Data extract Start Marker

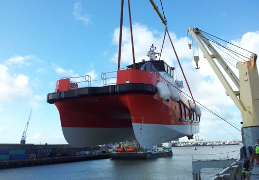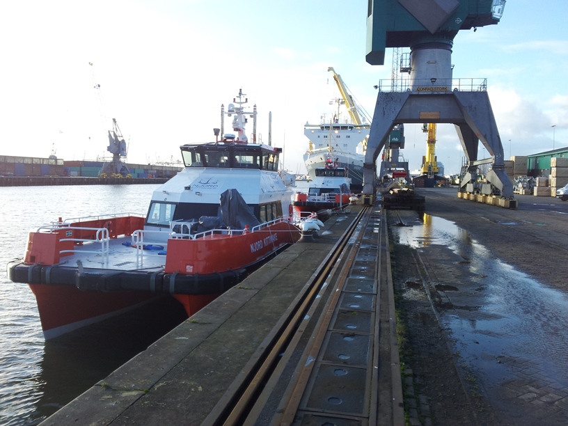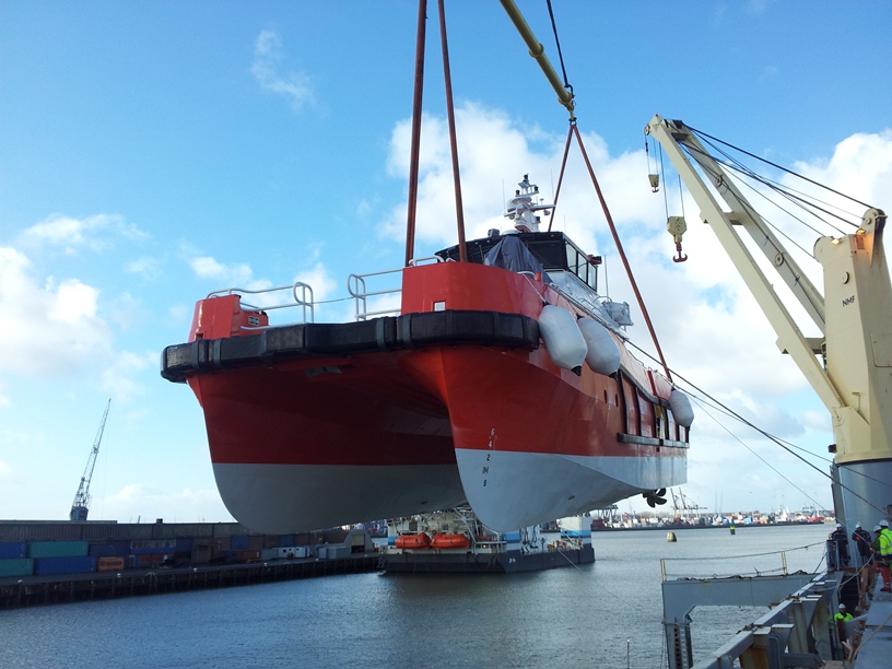 Offshore windfarm crew transfer vessels Njord Avocet and Njord Kittiwake arrived to Rotterdam two days ago from Singapore. The vessels were shipped together on the deck of a heavy lift vessel MV Wiebke.
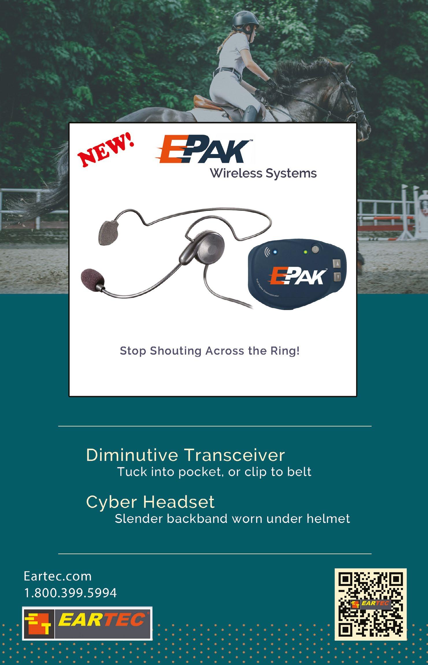 The all new EPAK Cyber by Eartec is a breakthrough alternative to traditional communication systems. Boasting full-duplex wireless communication without the need for a base station, this lightweight accessory features a slimline back band that can be worn comfortably under a riding helmet. Up to 9 users can communicate hands free at whisper levels offering a dynamic experience for both the coach and student riders.
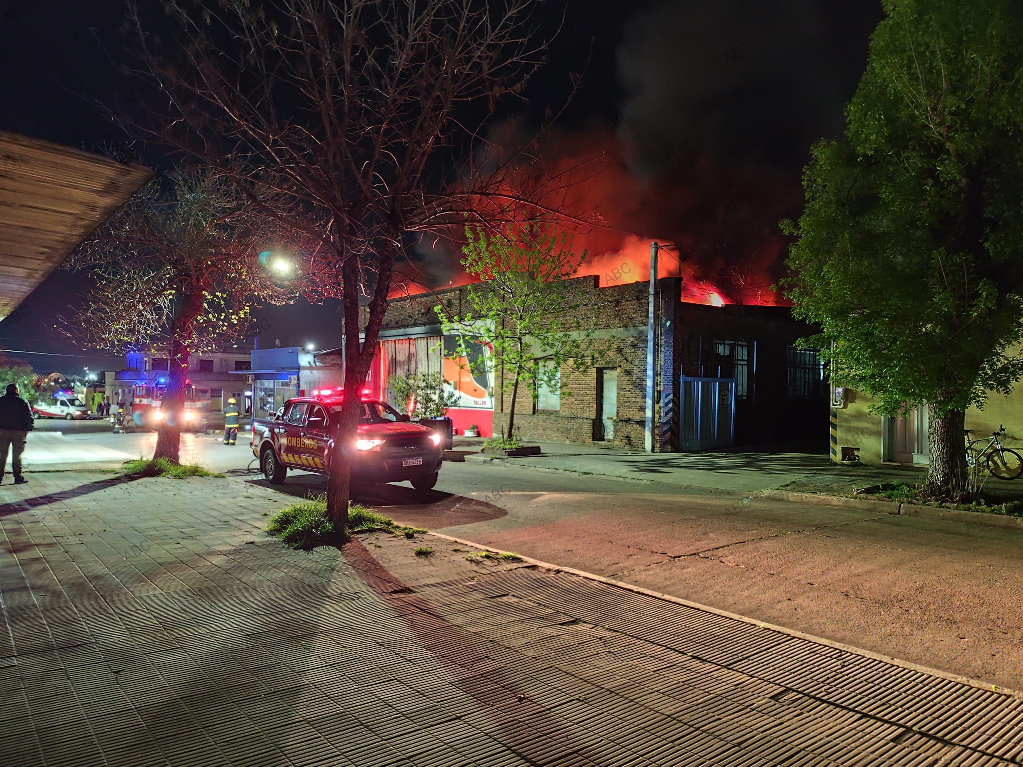 Incendio en galpones de la agencia de ómnibus Berruti. Foto: gentileza del portal TV ABC Palmira
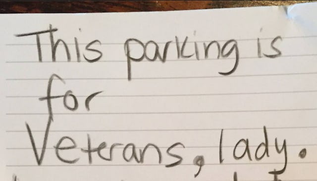 You can’t judge a book by its cover, but that’s never stopped people from trying. That’s why one female veteran took it upon herself to publicly school a rude stranger who left a “misogynistic” note on her car after she parked in a veterans-only parking space.
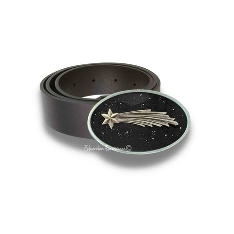 Shooting Star Belt Buckle Inlaid in Hand Painted Glossy Black Onyx Enamel Art Deco Celstial Design Inspired Available in Other Colors
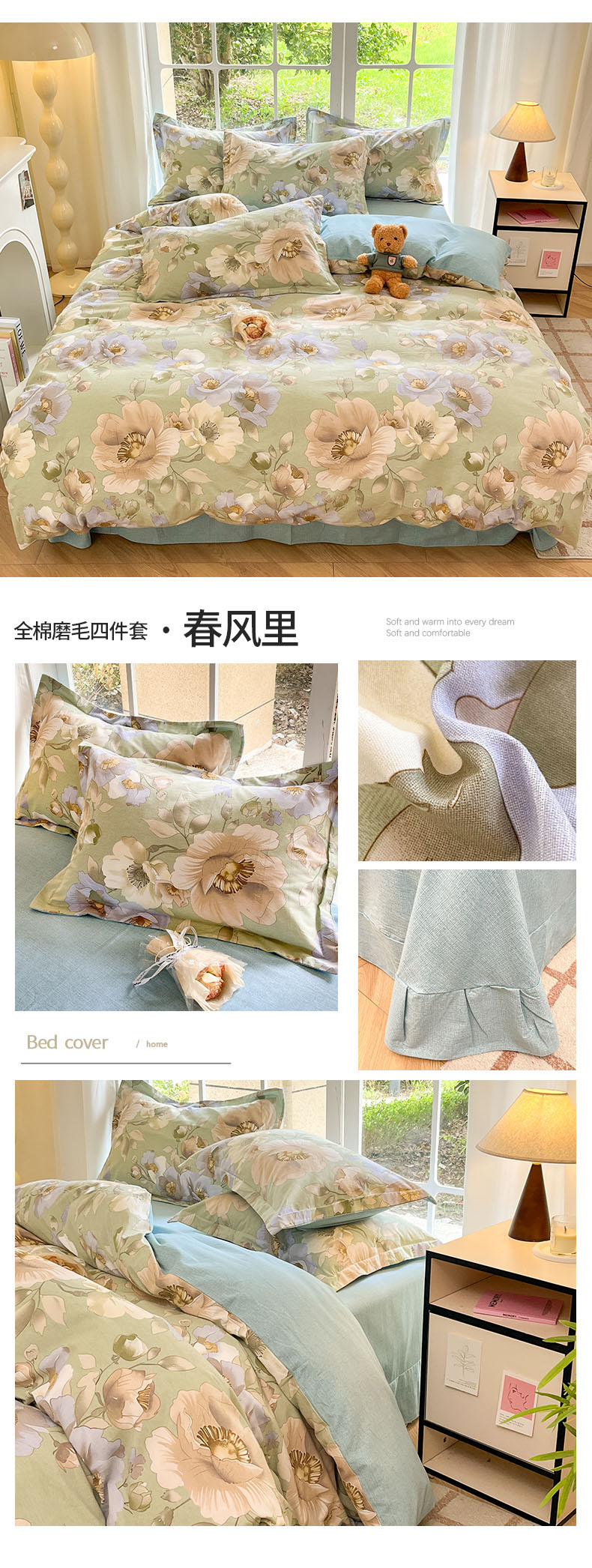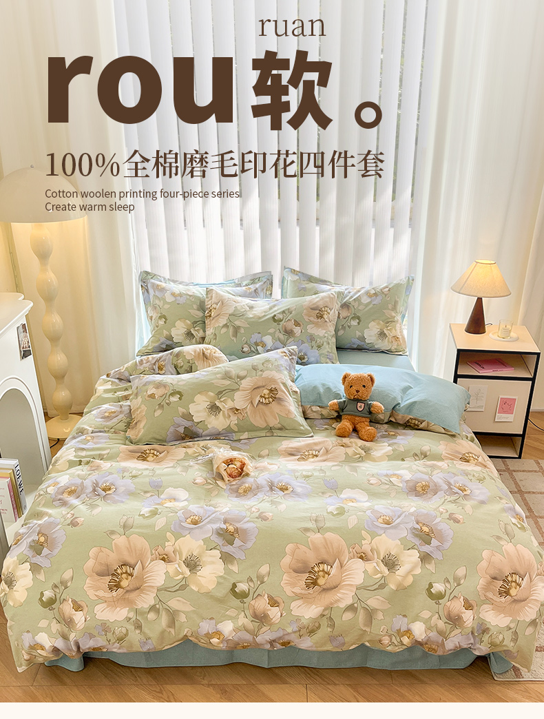 商品名称:新印象 2025新款100%全棉磨毛四件套春风里
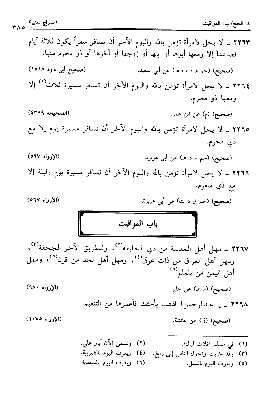 2265 - لا يحل لامرأة تؤمن باللَّه واليوم الآخر أن تسافر مسيرة يوم إلا مع ذي محرم.
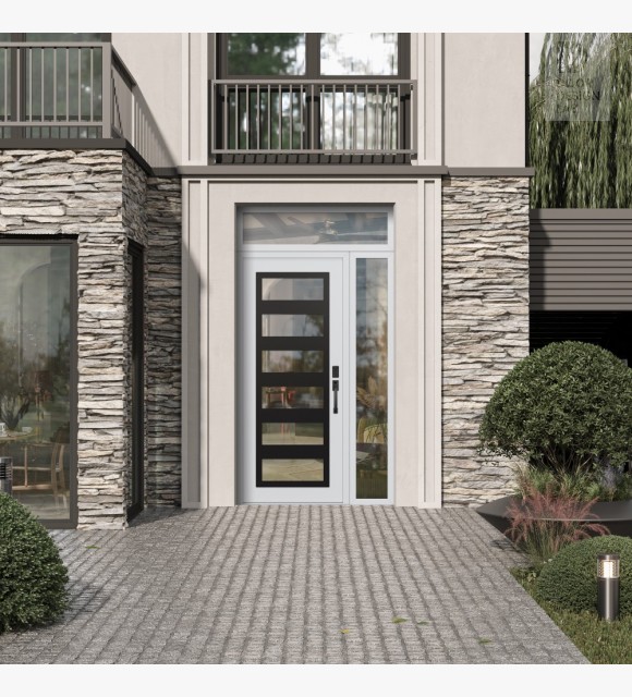 Modern Steel Front Door Diamond C9 50" x 96" white/white clear Glass Panel black LHI with Sidelite and Transom clear Glass
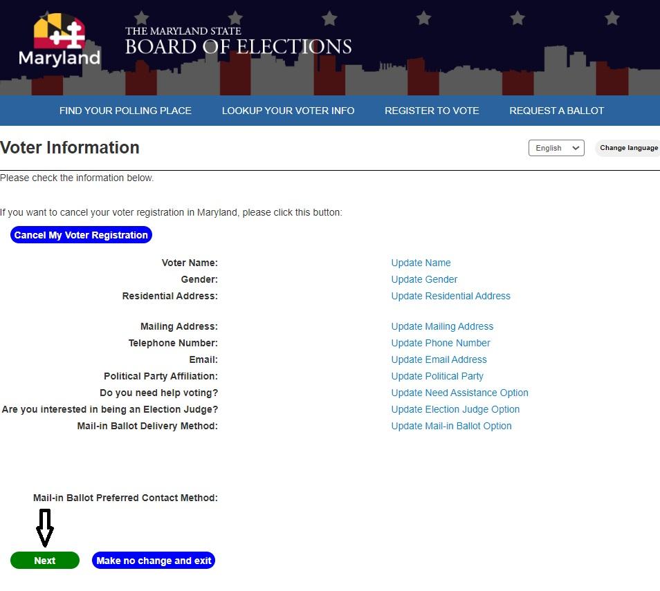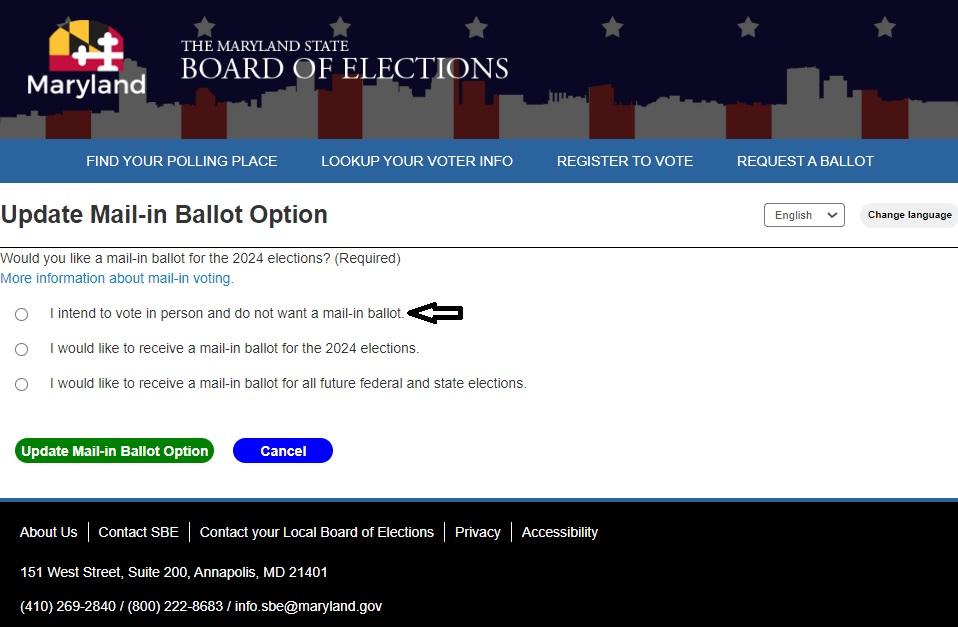 If you have previously requested a mail-in ballot and would like to vote in person, you will need to cancel your mail-in ballot. The easiest way to cancel your mail-in ballot request is online via our Voter Registration Update Page here: Maryland’s Online Voter Registration System (OLUP).

Data extract End Marker

**Task objective**
Begin at the first line of the material and copy each line exactly through the one containing "The all new". Omit pictures.

**Answer area**
 Offshore windfarm crew transfer vessels Njord Avocet and Njord Kittiwake arrived to Rotterdam two days ago from Singapore. The vessels were shipped together on the deck of a heavy lift vessel MV Wiebke.
 The all new EPAK Cyber by Eartec is a breakthrough alternative to traditional communication systems. Boasting full-duplex wireless communication without the need for a base station, this lightweight accessory features a slimline back band that can be worn comfortably under a riding helmet. Up to 9 users can communicate hands free at whisper levels offering a dynamic experience for both the coach and student riders.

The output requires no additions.